What is a Firewall?
A firewall is a network security tool that monitors incoming and outgoing network traffic and permits or blocks data and unauthorized access based on a set of security rules. The set of rules is used to identify possible cyber threats. This may fall into the category of software, hardware, or a combination of both. The ultimate purpose is to block malicious traffic like viruses and hackers. Firewalls are used in both personal and mass organization settings, many devices come with one built-in. With modern day technologies Firewall’s are widely considered an essential component of network security.
Not only do Firewall’s serve as a main means of protection, they also perform important logging and audit functions of data. A good firewall will keep a record of events, which can be used by administrators to identify any patterns within the data and make appropriate changes to the security rules. It is important because rules should be updated regularly to adapt to the changing environments.
How Does a Firewall Work?
Firewalls guard traffic at a computer’s entry point, which are commonly known as ‘ports’, which is where information is exchanged with any external devices. A firewall establishes a border between an external network and the network it is guarding. As the firewall carefully analyzes all traffic entering and leaving the ‘border’ it uses a set of pre-configured rules to distinguish between friendly and dangerous data.
Firewall Rules:
When discussing Firewalls, the word ‘packets’ is used to define a data group, the data has been formatted specifically for internet transfer. Packets include information such as its size and where it came from, firewalls use this information to then determine whether or not it passes the rules set and ultimately if it will pass through the guarded network. Firewall rule sets often includes and analyzes the following information:
- The packet source
- The destination for the packet
- The content included in the packet
As a packet makes its way through a network it is often reformatted several times in order to tell the protocol where to send it. There are multiple firewalls that exist analyze the packets at different levels of the network.

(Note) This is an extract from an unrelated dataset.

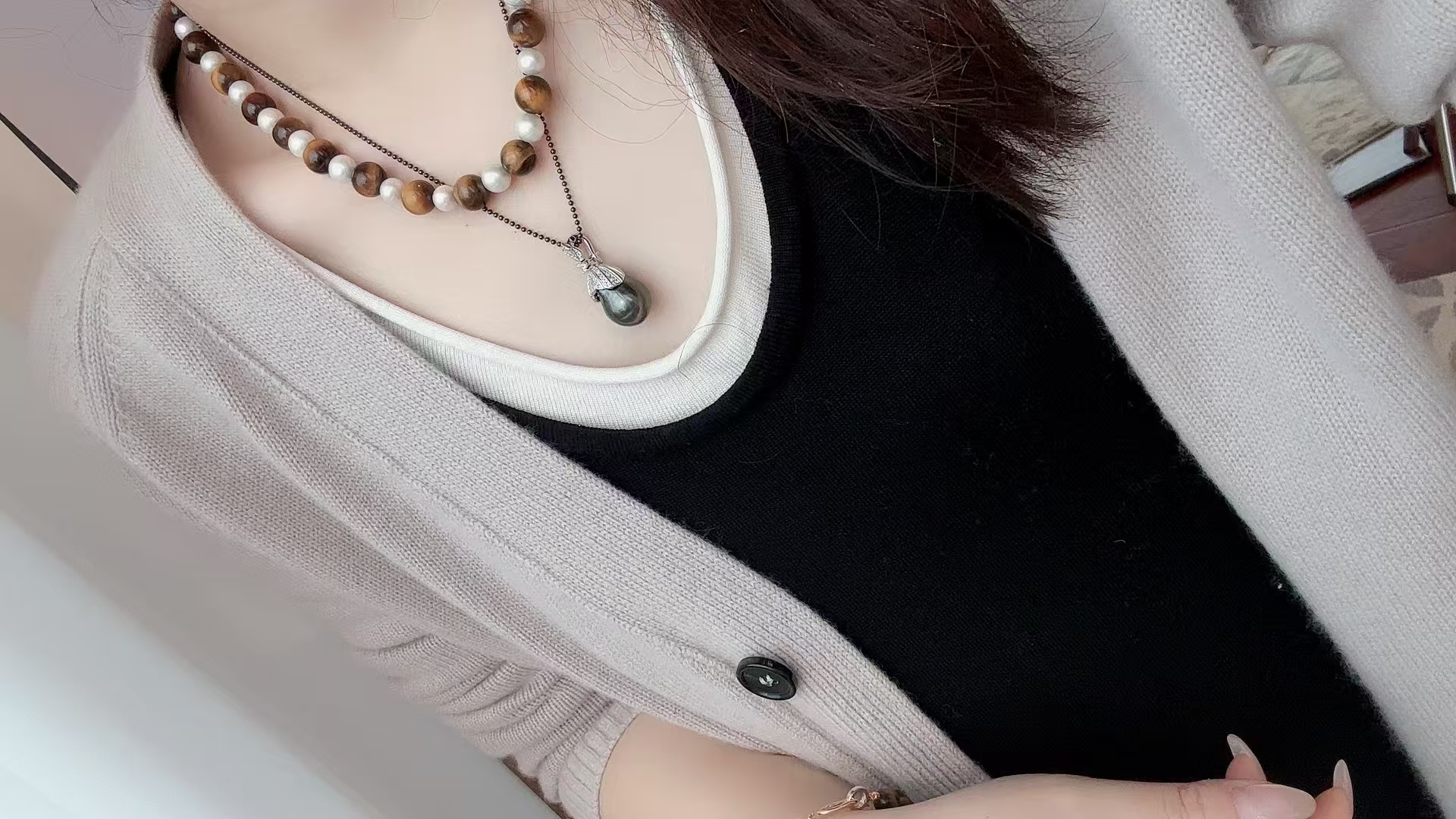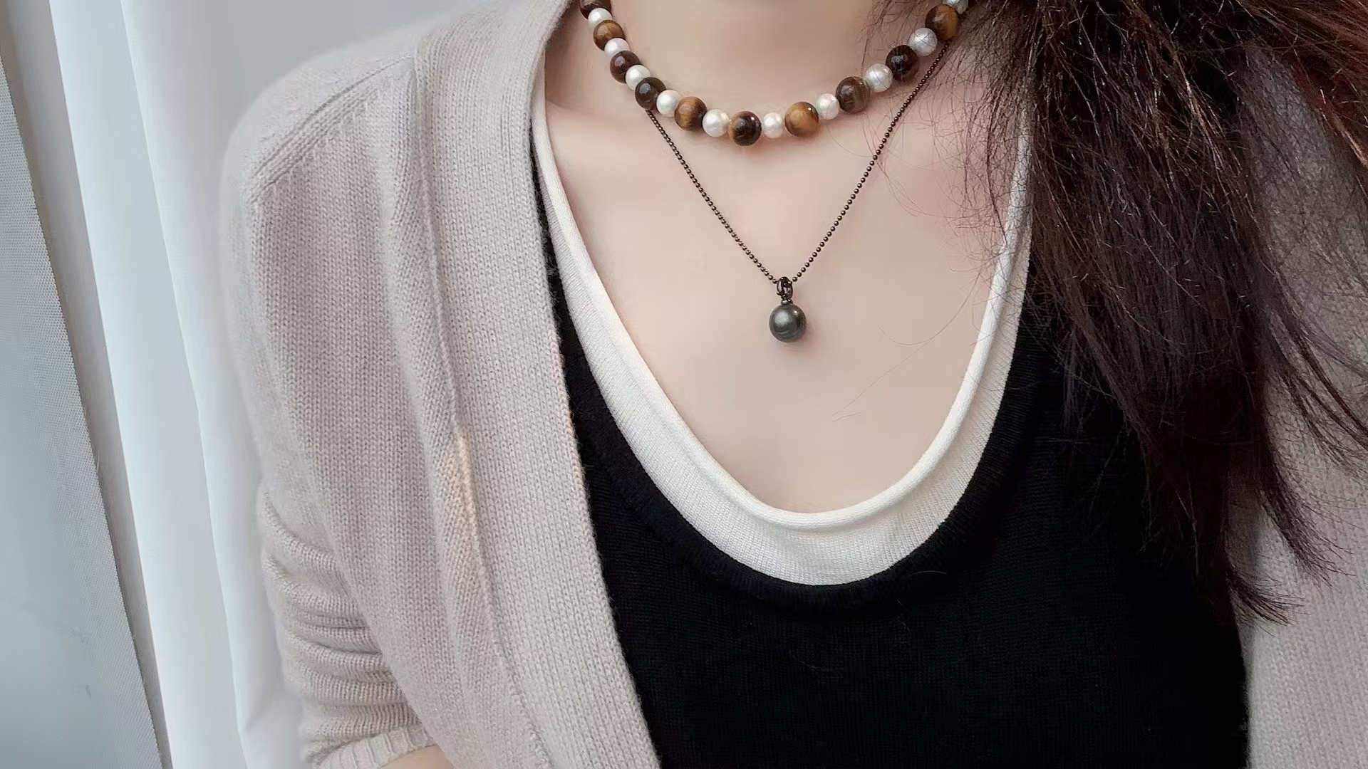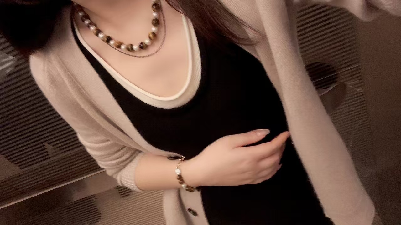 【甄珠贝】 爱惨了的雅丹色系!天然虎眼石和正圆无暇珍珠项链,满满的秋冬氛围感

What Are the Types of Firewalls?
Firewalls are categorized by one of two ways; the way they filter data, or by the system they protect. When categorizing firewalls by the system they protect their are two main types:
- Network-based firewalls, This type guards an entire network and are often hardware.
- Host-based firewalls, This type of firewall guards individual devices (hosts) and are often software.
When categorizing a firewall by the way it filters data, there are several more types:
- Stateful inspection firewall – This examines a networks traffic to determine whether one data packet is related to another.
- Personal firewall – This is software used to protect a single internet-connected device from any malicious attacks, as opposed to a range of devices.
- Packet-filtering firewall – This firewall examines data packets in isolation without knowing the packet’s context.
- Proxy firewall – This type inspects packets at the application layer of the Open Systems Interconnection
- NGFW – This firewall has a multilayered approach to integrate enterprise firewall capabilities with an intrusion prevention system and application control.